- _What to produce_:
Print the listing below again, exactly. Skip the pictures.

- _The data_:
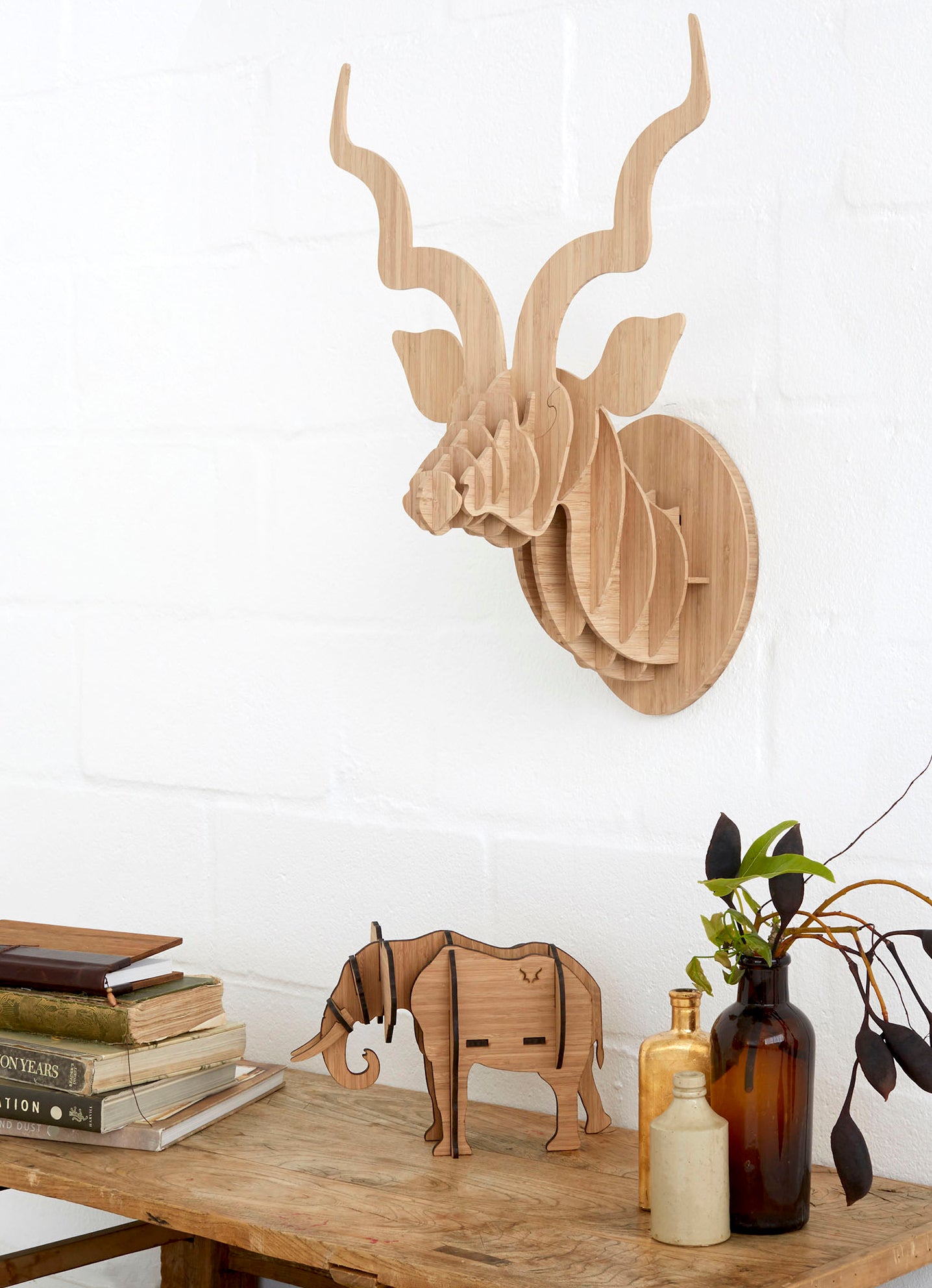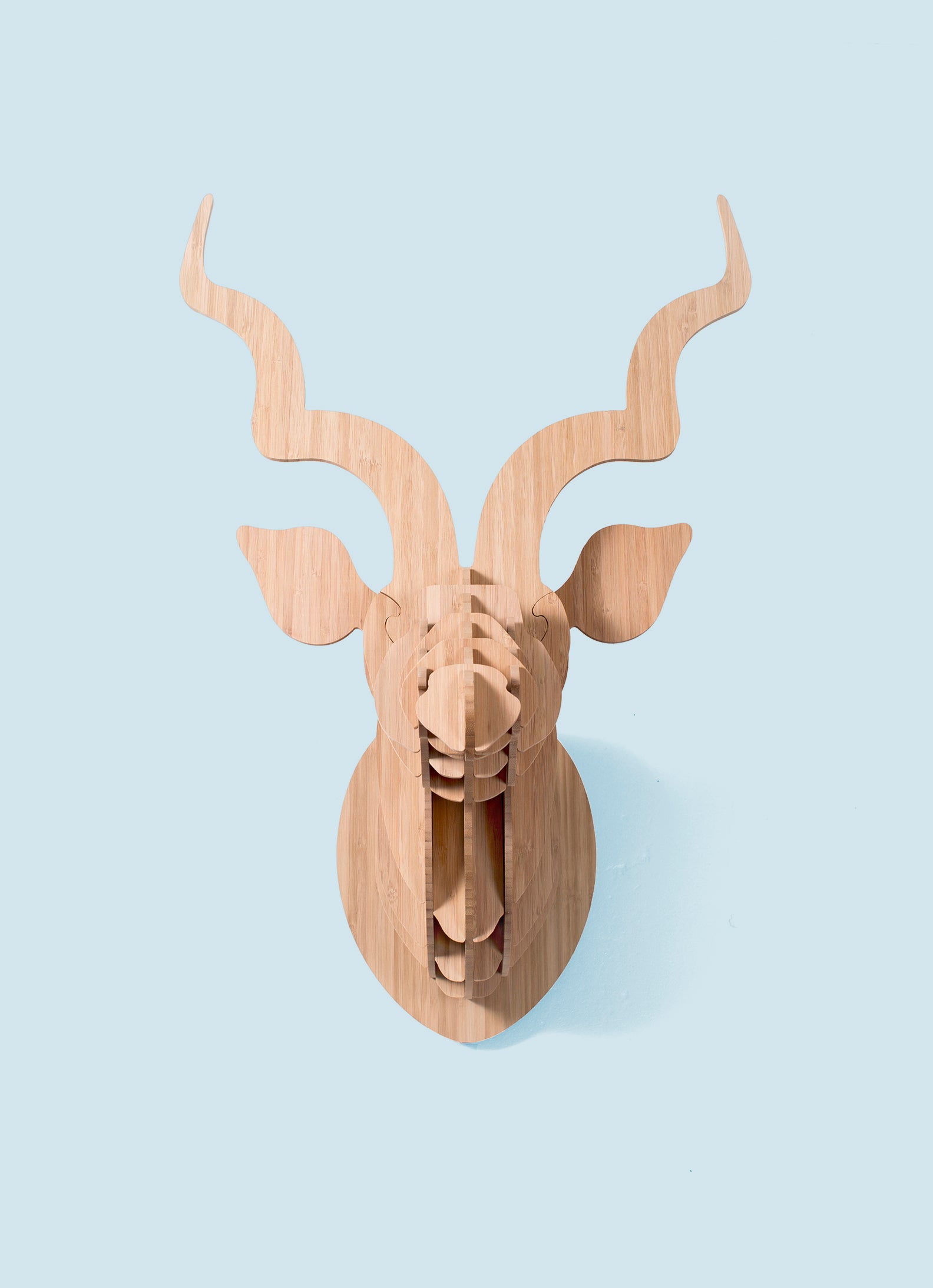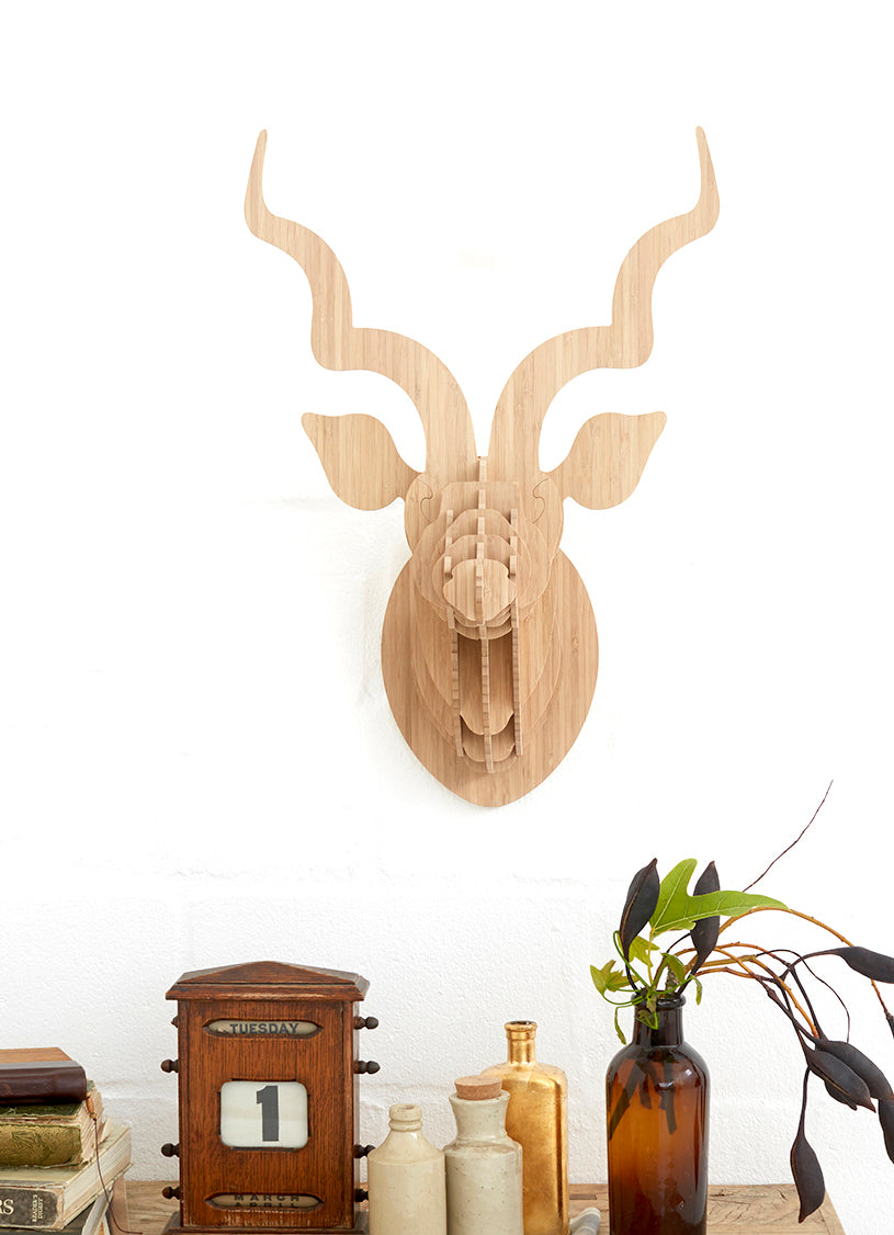 This elegant, wall mounted kudu sculpture is perfect for any interior space and easy to assemble. The sculpture is available in bamboo, nature's new wonder plant. It comes flat-packed with clear instructions on how to assemble and hang. No glue required - all you need is a nail in the wall.
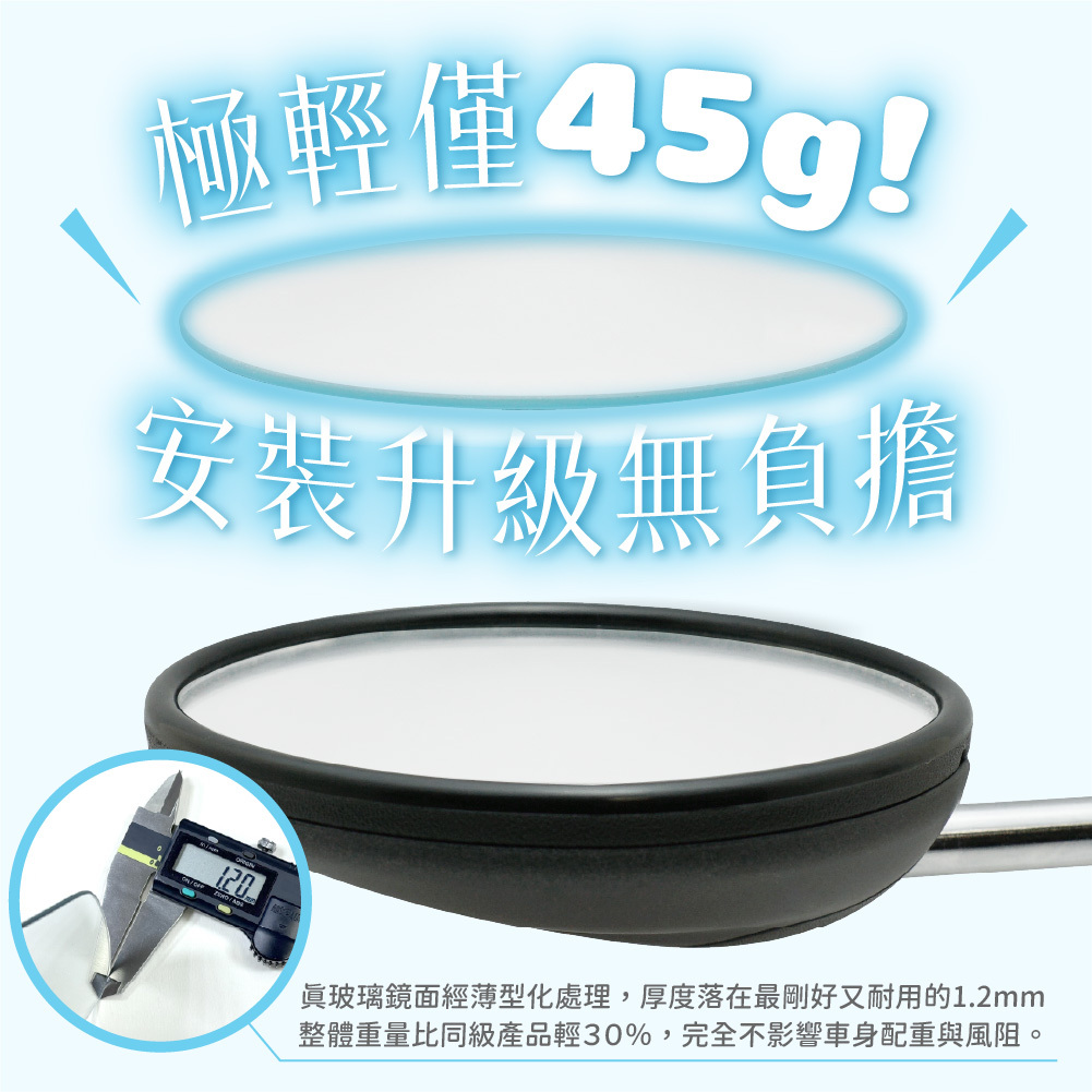 真玻璃鏡面經 薄型化處理(厚度 1.2mm),整體重量比同級產品輕 30%,完全不影響車身配重與風阻。
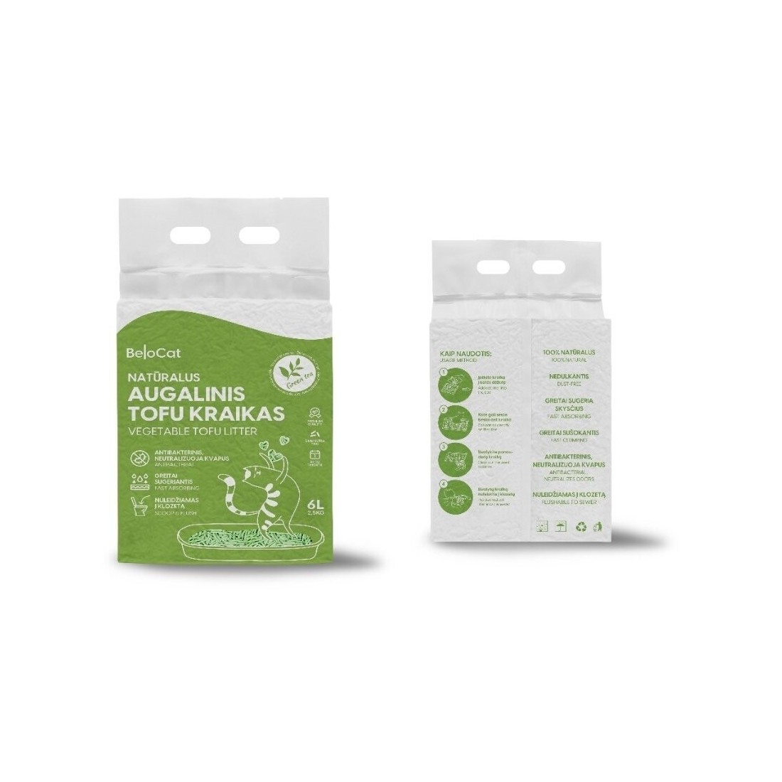Tofu kačių kraikas greitai sugeria drėgmę ir neutralizuoja nemalonius kvapus bei yra švelnus ir malonus minkštoms katėms pėdutėms. Sugerdamas skystį kraikas sulipma į gabalėlius. Kraikas visiškai nedulkantis, tvarus, ekologiškas ir draugiškas aplinkai. Taip pat biologiškai skaidus, todėl jį galima kompostuoti ir naudoti kaip natūralią trąšą

- _Written solution_:
 This elegant, wall mounted kudu sculpture is perfect for any interior space and easy to assemble. The sculpture is available in bamboo, nature's new wonder plant. It comes flat-packed with clear instructions on how to assemble and hang. No glue required - all you need is a nail in the wall.
 真玻璃鏡面經 薄型化處理(厚度 1.2mm),整體重量比同級產品輕 30%,完全不影響車身配重與風阻。
Tofu kačių kraikas greitai sugeria drėgmę ir neutralizuoja nemalonius kvapus bei yra švelnus ir malonus minkštoms katėms pėdutėms. Sugerdamas skystį kraikas sulipma į gabalėlius. Kraikas visiškai nedulkantis, tvarus, ekologiškas ir draugiškas aplinkai. Taip pat biologiškai skaidus, todėl jį galima kompostuoti ir naudoti kaip natūralią trąšą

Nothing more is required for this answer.